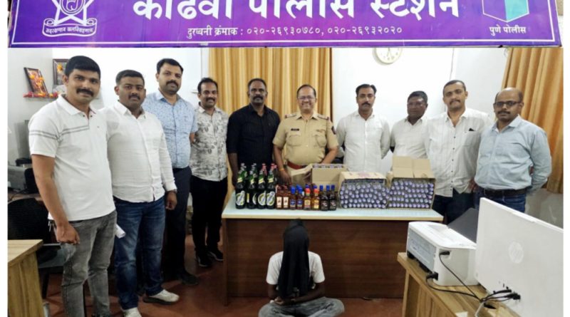 कोंढवा पोलीस स्टेशन कडील रेकॉर्ड वरील आरोपी नामे कासम दस्तगीर शेख हा त्याच्या एका सहका-यासह मिळून मा. जिल्हाधिकारी साो., पुणे जिल्हा यांनी डॉ. बाबासाहेब आंबेडकर जयंती सन २०२५ चे अनुषंगाने ड्राय डे घोषीत केलेला असताना सदर आदेशाचा भंग करून त्यांचे ओळखीच्या लोकांना देशी व विदेशी दारूची विक्री करीत आहे. अशी खात्रीलायक बातमी मिळाल्याने कोंढवा पोलीस स्टेशनचे वरिष्ठ पोलीस निरीक्षक विनय पाटणकर यांनी सदर ठिकाणी छापा टाकून कायदेशिर कारवाई करण्याबाबत आदेशीत केले. त्यानंतर कोंढवा तपास पथकाचे पोलीस उपनिरीक्षक बालाजी डिगोळे यांनी तपास पथकातील अंमलदारांसह सदर ठिकाणी छापा टाकला असता रेकॉर्ड वरील आरोपी कासम दस्तगीर शेख हा पोलीस आल्याचे पाहून सदर ठिकाणावरून पळून गेला. त्याचा साथीदार नामे विकासकुमार जग्गा सिंग, वय १९ वर्षे, गल्ली नं. ३६, पत्रा चाळ, शिवनेरीनगर, कोंढवा खुर्द, पुणे (मुळ रा. गाव सेदहा, पोस्ट पिरो, थाना तारारी, जिल्हा भोजपूर, बिहार.) यास पोलीसांनी ताब्यात घेवून त्यांचे ताब्यातून देशी विदेशी दारूच्या बाटल्या, रोख रक्कम असा एकुण २७,५००/- रू किं चा मुद्देमाल जप्त करून त्याचे विरोधात गु.र.नं. ३१२/२०२५ भा.न्या.सं. कलम २२३ व मुंबई प्रोहिबीशन अॅक्ट कलम ६५ (ई) प्रमाणे गुन्हा दाखल केला आहे.
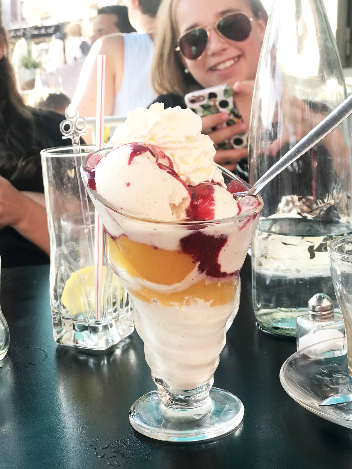 Avrundar inlägget från Cassis med en bild på efterrätten som Jackie och jag delade. Jackie är också på gång att fota. Minns nu vilket otroligt fint mobilskal hon hade, med papegojor.
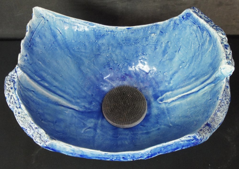Tajimi ceramic Japanese minimalist  Ikebana vase, very good conditions nice glazing, complete of metal Kenzan for floral compositions. Immediately usable with its protective wood box.
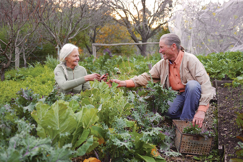 Photo: Holmgren and Su Dennett harvesting greens. Photo: Kirsten Bradley
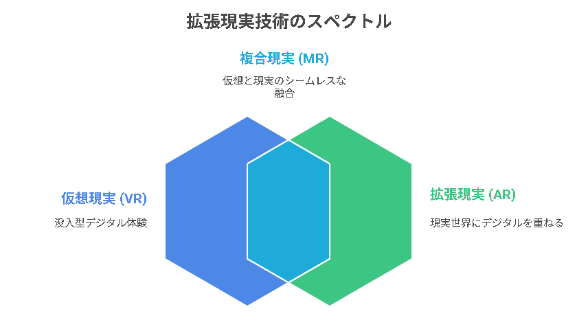 - MR(複合現実):現実と仮想の情報が相互作用する技術。例:Microsoft HoloLens。
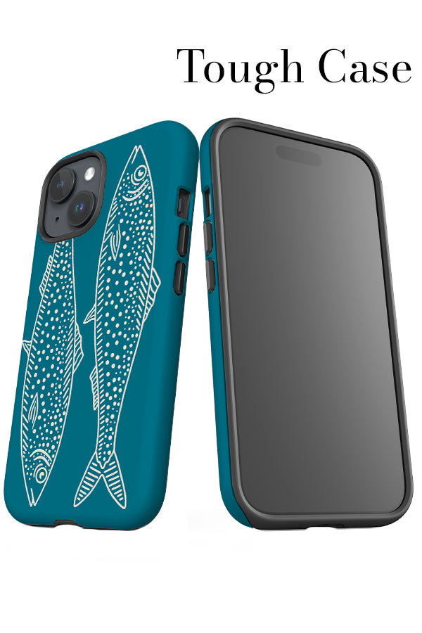Line Art Fish iPhone Phone Case (Blue & Beige)

++++++

● WHAT IS REQUIRED
Print once more, exactly, the lines that start at the top of the records above and end at the line with "Tajimi ceramic Japanese", skipping all pictures.

● WRITTEN ANSWER
 कोंढवा पोलीस स्टेशन कडील रेकॉर्ड वरील आरोपी नामे कासम दस्तगीर शेख हा त्याच्या एका सहका-यासह मिळून मा. जिल्हाधिकारी साो., पुणे जिल्हा यांनी डॉ. बाबासाहेब आंबेडकर जयंती सन २०२५ चे अनुषंगाने ड्राय डे घोषीत केलेला असताना सदर आदेशाचा भंग करून त्यांचे ओळखीच्या लोकांना देशी व विदेशी दारूची विक्री करीत आहे. अशी खात्रीलायक बातमी मिळाल्याने कोंढवा पोलीस स्टेशनचे वरिष्ठ पोलीस निरीक्षक विनय पाटणकर यांनी सदर ठिकाणी छापा टाकून कायदेशिर कारवाई करण्याबाबत आदेशीत केले. त्यानंतर कोंढवा तपास पथकाचे पोलीस उपनिरीक्षक बालाजी डिगोळे यांनी तपास पथकातील अंमलदारांसह सदर ठिकाणी छापा टाकला असता रेकॉर्ड वरील आरोपी कासम दस्तगीर शेख हा पोलीस आल्याचे पाहून सदर ठिकाणावरून पळून गेला. त्याचा साथीदार नामे विकासकुमार जग्गा सिंग, वय १९ वर्षे, गल्ली नं. ३६, पत्रा चाळ, शिवनेरीनगर, कोंढवा खुर्द, पुणे (मुळ रा. गाव सेदहा, पोस्ट पिरो, थाना तारारी, जिल्हा भोजपूर, बिहार.) यास पोलीसांनी ताब्यात घेवून त्यांचे ताब्यातून देशी विदेशी दारूच्या बाटल्या, रोख रक्कम असा एकुण २७,५००/- रू किं चा मुद्देमाल जप्त करून त्याचे विरोधात गु.र.नं. ३१२/२०२५ भा.न्या.सं. कलम २२३ व मुंबई प्रोहिबीशन अॅक्ट कलम ६५ (ई) प्रमाणे गुन्हा दाखल केला आहे.
 Avrundar inlägget från Cassis med en bild på efterrätten som Jackie och jag delade. Jackie är också på gång att fota. Minns nu vilket otroligt fint mobilskal hon hade, med papegojor.
Tajimi ceramic Japanese minimalist  Ikebana vase, very good conditions nice glazing, complete of metal Kenzan for floral compositions. Immediately usable with its protective wood box.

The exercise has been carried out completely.